A Good Solution for Colonoscopy Confusion
A Good Solution for Colonoscopy Confusion
There has been growing confusion over exactly how to report the growing number of colonoscopies that become “diagnostic”. This procedure has become more and more commonplace and the debate continues. Sometimes the best answer is the most obvious, contact the carrier and ask them how they want the procedure reported on your medical billing.

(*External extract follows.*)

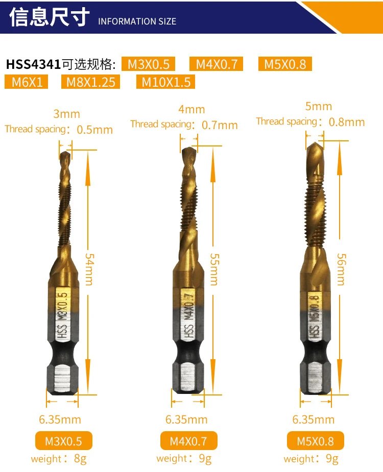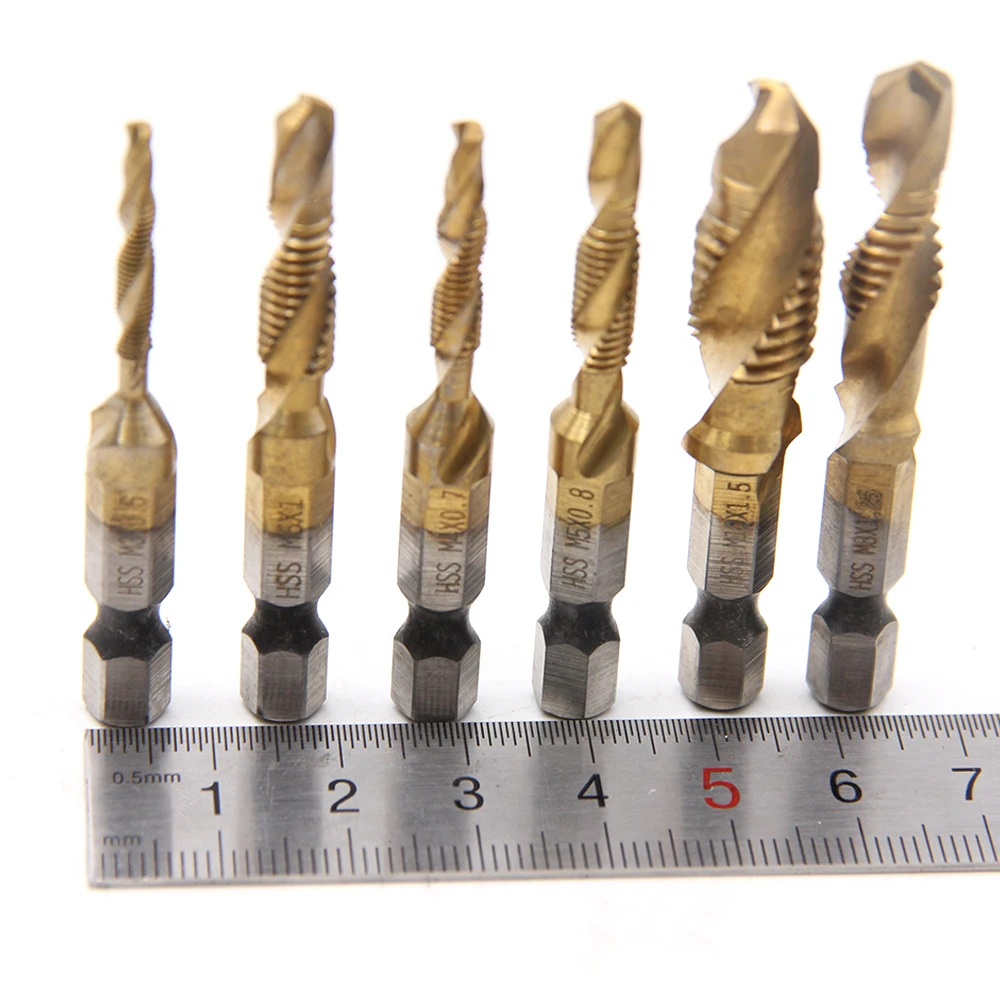 Описание:6 шт. HSS 4341 титановое покрытие M3-M10 комбинация сверла набор сверл 1/4 дюйма шестигранные метрические сверла
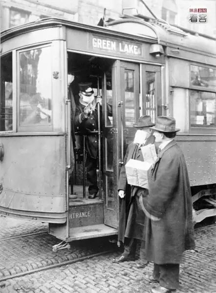 还有一些布告上写着:“吐痰等于死亡”。在费城,曾经一天之内就有60人因在街上吐痰而遭逮捕。图为1918年,美国西雅图,公共汽车列车员禁止未带口罩的乘客上车。

Colonoscopies are part of a check up for most individuals over the age of 50, however when the colonscopy finds a polyp, you should normally use the polyp diagnosis in your medical billing claim and not the screening V code. The exception to this rule would be if the physician discovers a polyp during the screening, you should instead report a diagnostic colonoscopy (45380, Colonoscopy, flexible, proximal to splenic flexure; with biopsy, single or multiple).
The coding changes for a situation where the surgeon visualizes and biopsies the polyp, you should change the primary diagnosis from V76.51 (Special screening for malignant neoplasms; colon) to, for instance, 211.3 (Benign neoplasm of other parts of digestive system; colon).
The majority of carriers have states they want to switch the polyp diagnosis for the excision a few want to keep the V code. If you’re not sure in your medical billing, avoid a delay or rejection by asking what the carrier’s preference is.